◆ **Exercise aim**
Every line of the data below must be output exactly, with images left out.

++++ Collected data ++++

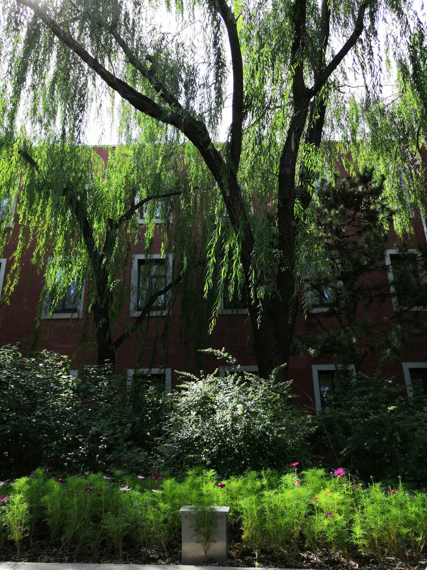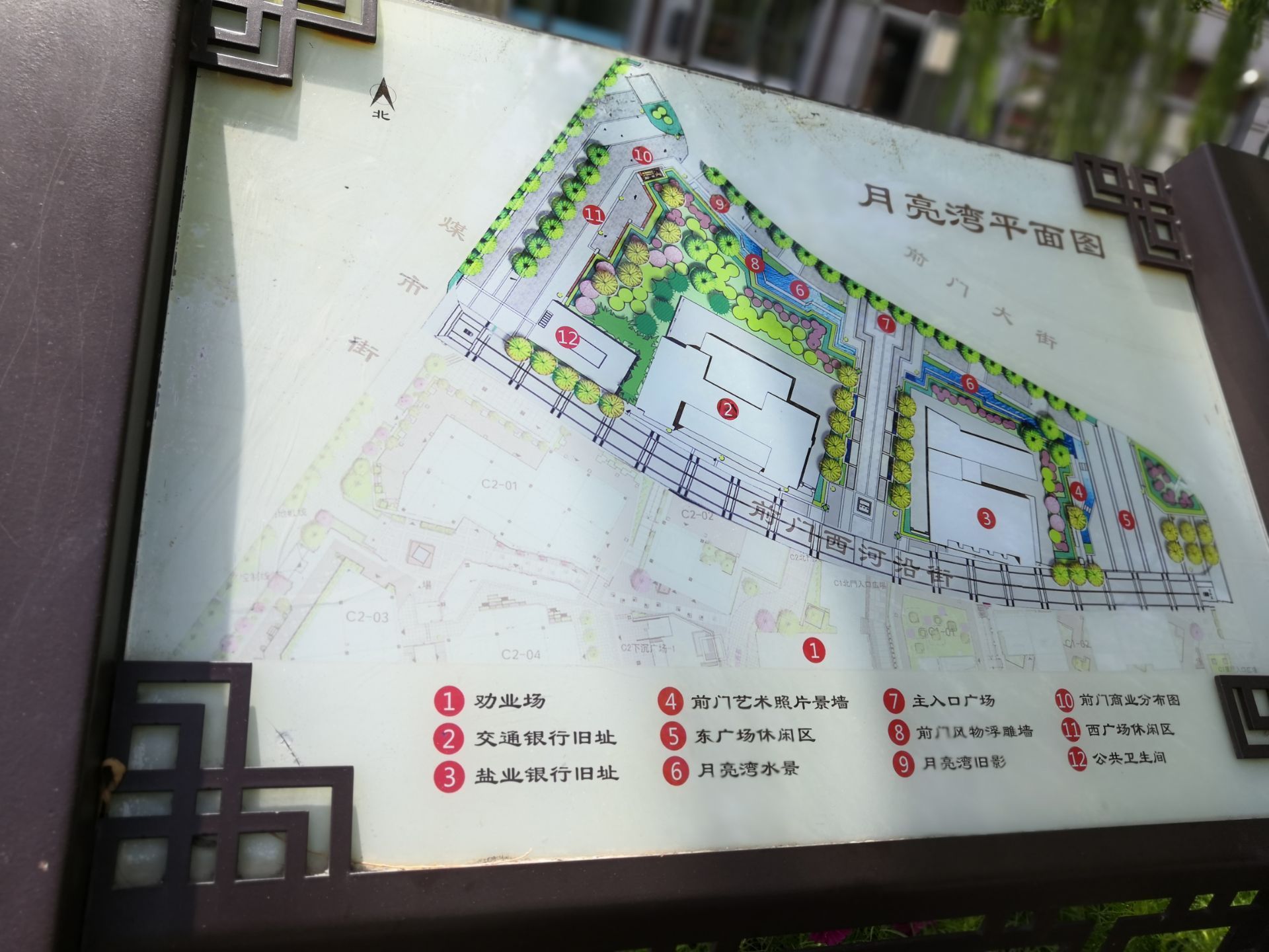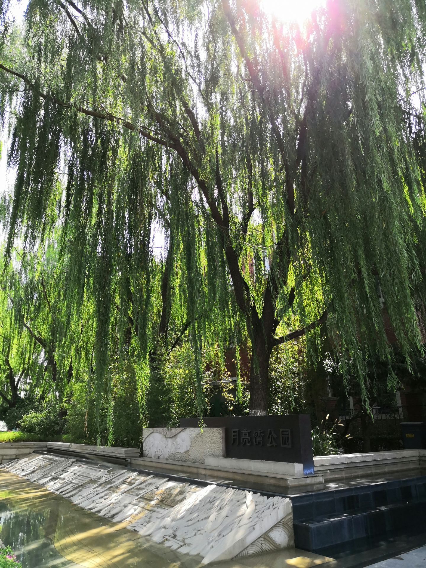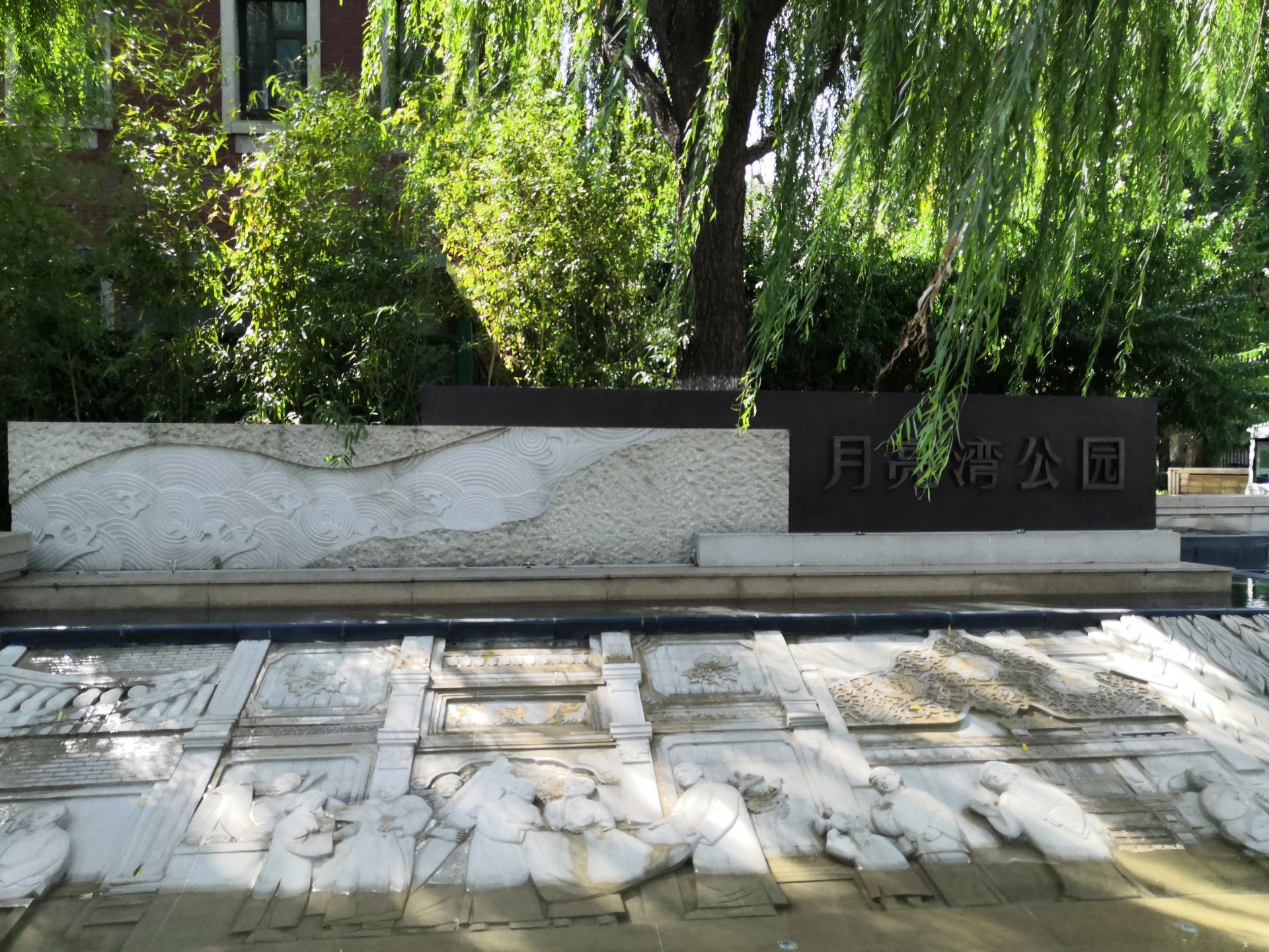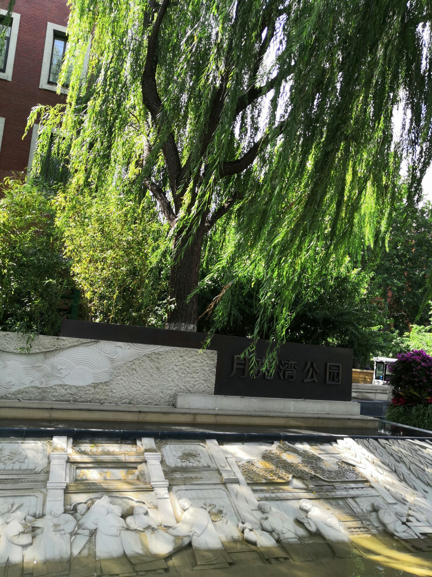 坐公交车去前门大街,下车后看到流水和垂柳,月亮湾公园的名字映入眼帘。真的没有注意过这个地方,水边是浮雕,浮雕主要展现北京前门大街老北京的商业民俗风情,通过月亮湾的水景浮雕展现前门大街昔日商业往来的热闹景象。浮雕以张一元、内联升、全聚德等前门老店铺为背景,点缀从事经典商业活动的人物场景。池底为传统的装饰水纹,在池边辅以等高线状的地形层次,形成月亮湾的驳岸。转过去就是前门大街了。
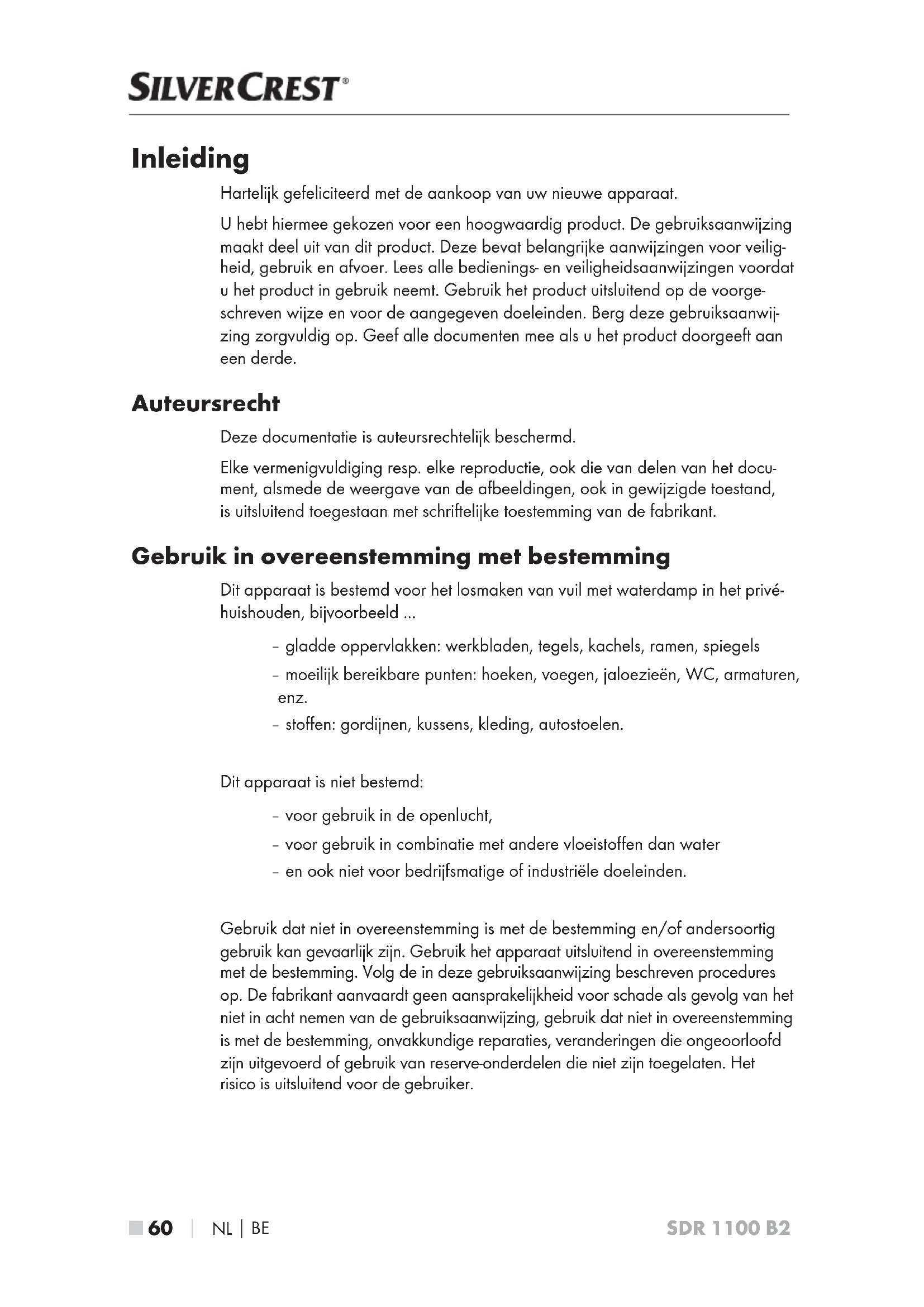 SDR 1100 B2 Inleiding Hartelijk gefeliciteerd met de aankoop van uw nieuwe apparaat. U hebt hiermee gekozen voor een hoogwaardig product. De gebruiksaanwijzing maakt deel uit van dit product. Deze bevat belangrijke aanwijzingen voor veilig- heid, gebruik en afvoer. Lees alle bedienings- en veiligheidsaanwijzingen voordat u het product in gebruik neemt. Gebruik het product uitsluitend op de voorge- schreven wijze en voor de aangegeven doeleinden. Berg deze gebruiksaanwij- zing zorgvuldig op. Geef alle documenten mee als u het product doorgeeft aan een derde. Auteursrecht Deze documentatie is auteursrechtelijk beschermd. Elke vermenigvuldiging resp. elke reproductie, ook die van delen van het docu- ment, alsmede de weergave van de afbeeldingen, ook in gewijzigde toestand, is uitsluitend toegestaan met schriftelijke toestemming van de fabrikant. Gebruik in overeenstemming met bestemming Dit apparaat is bestemd voor het losmaken van vuil met waterdamp in het privé- huishouden, bijvoorbeeld ... – gladde oppervlakken: werkbladen, tegels, kachels, ramen, spiegels – moeilijk bereikbare punten: hoeken, voegen, jaloezieën, WC, armaturen, enz. – stoffen: gordijnen, kussens, kleding, autostoelen. Dit apparaat is niet bestemd: – voor gebruik in de openlucht, – voor gebruik in combinatie met andere vloeistoffen dan water – en ook niet voor bedrijfsmatige of industriële doeleinden. Gebruik dat niet in overeenstemming is met de bestemming en/of andersoortig gebruik kan gevaarlijk zijn. Gebruik het apparaat uitsluitend in overeenstemming met de bestemming. Volg de in deze gebruiksaanwijzing beschreven procedures op. De fabrikant aanvaardt geen aansprakelijkheid voor schade als gevolg van het niet in acht nemen van de gebruiksaanwijzing, gebruik dat niet in overeenstemming is met de bestemming, onvakkundige reparaties, veranderingen die ongeoorloofd zijn uitgevoerd of gebruik van reserve-onderdelen die niet zijn toegelaten. Het risico is uitsluitend voor de gebruiker.NL
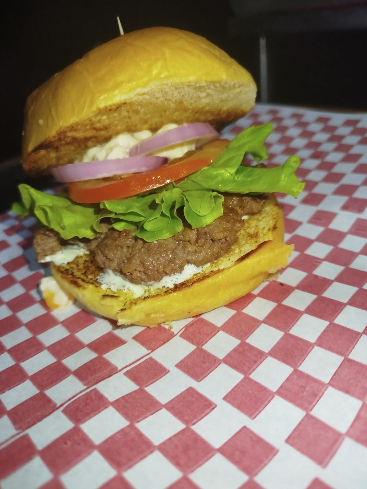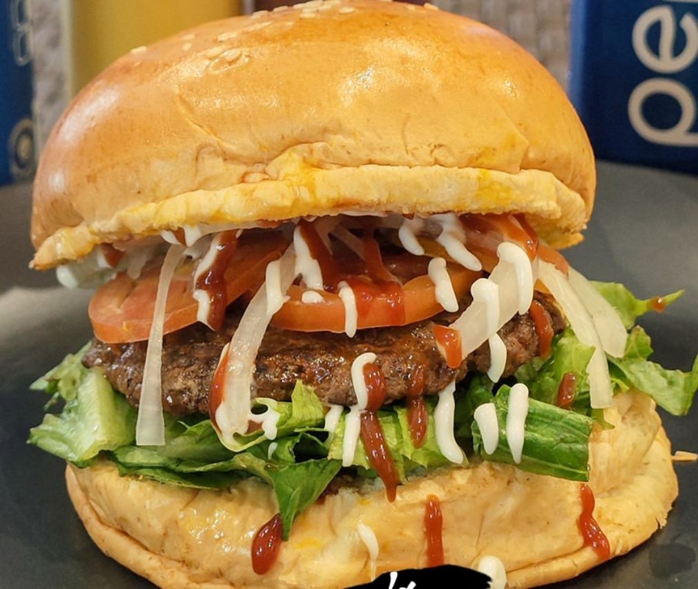 Dos deliciosos panes artellanos acompañados de Carne de res hecha al grill, lechuga, tomate, cebolla caramelizada y nuestra deliciosa salsa de la casa.

++++

◆ **Reply to the exercise**
 坐公交车去前门大街,下车后看到流水和垂柳,月亮湾公园的名字映入眼帘。真的没有注意过这个地方,水边是浮雕,浮雕主要展现北京前门大街老北京的商业民俗风情,通过月亮湾的水景浮雕展现前门大街昔日商业往来的热闹景象。浮雕以张一元、内联升、全聚德等前门老店铺为背景,点缀从事经典商业活动的人物场景。池底为传统的装饰水纹,在池边辅以等高线状的地形层次,形成月亮湾的驳岸。转过去就是前门大街了。
 SDR 1100 B2 Inleiding Hartelijk gefeliciteerd met de aankoop van uw nieuwe apparaat. U hebt hiermee gekozen voor een hoogwaardig product. De gebruiksaanwijzing maakt deel uit van dit product. Deze bevat belangrijke aanwijzingen voor veilig- heid, gebruik en afvoer. Lees alle bedienings- en veiligheidsaanwijzingen voordat u het product in gebruik neemt. Gebruik het product uitsluitend op de voorge- schreven wijze en voor de aangegeven doeleinden. Berg deze gebruiksaanwij- zing zorgvuldig op. Geef alle documenten mee als u het product doorgeeft aan een derde. Auteursrecht Deze documentatie is auteursrechtelijk beschermd. Elke vermenigvuldiging resp. elke reproductie, ook die van delen van het docu- ment, alsmede de weergave van de afbeeldingen, ook in gewijzigde toestand, is uitsluitend toegestaan met schriftelijke toestemming van de fabrikant. Gebruik in overeenstemming met bestemming Dit apparaat is bestemd voor het losmaken van vuil met waterdamp in het privé- huishouden, bijvoorbeeld ... – gladde oppervlakken: werkbladen, tegels, kachels, ramen, spiegels – moeilijk bereikbare punten: hoeken, voegen, jaloezieën, WC, armaturen, enz. – stoffen: gordijnen, kussens, kleding, autostoelen. Dit apparaat is niet bestemd: – voor gebruik in de openlucht, – voor gebruik in combinatie met andere vloeistoffen dan water – en ook niet voor bedrijfsmatige of industriële doeleinden. Gebruik dat niet in overeenstemming is met de bestemming en/of andersoortig gebruik kan gevaarlijk zijn. Gebruik het apparaat uitsluitend in overeenstemming met de bestemming. Volg de in deze gebruiksaanwijzing beschreven procedures op. De fabrikant aanvaardt geen aansprakelijkheid voor schade als gevolg van het niet in acht nemen van de gebruiksaanwijzing, gebruik dat niet in overeenstemming is met de bestemming, onvakkundige reparaties, veranderingen die ongeoorloofd zijn uitgevoerd of gebruik van reserve-onderdelen die niet zijn toegelaten. Het risico is uitsluitend voor de gebruiker.NL
 Dos deliciosos panes artellanos acompañados de Carne de res hecha al grill, lechuga, tomate, cebolla caramelizada y nuestra deliciosa salsa de la casa.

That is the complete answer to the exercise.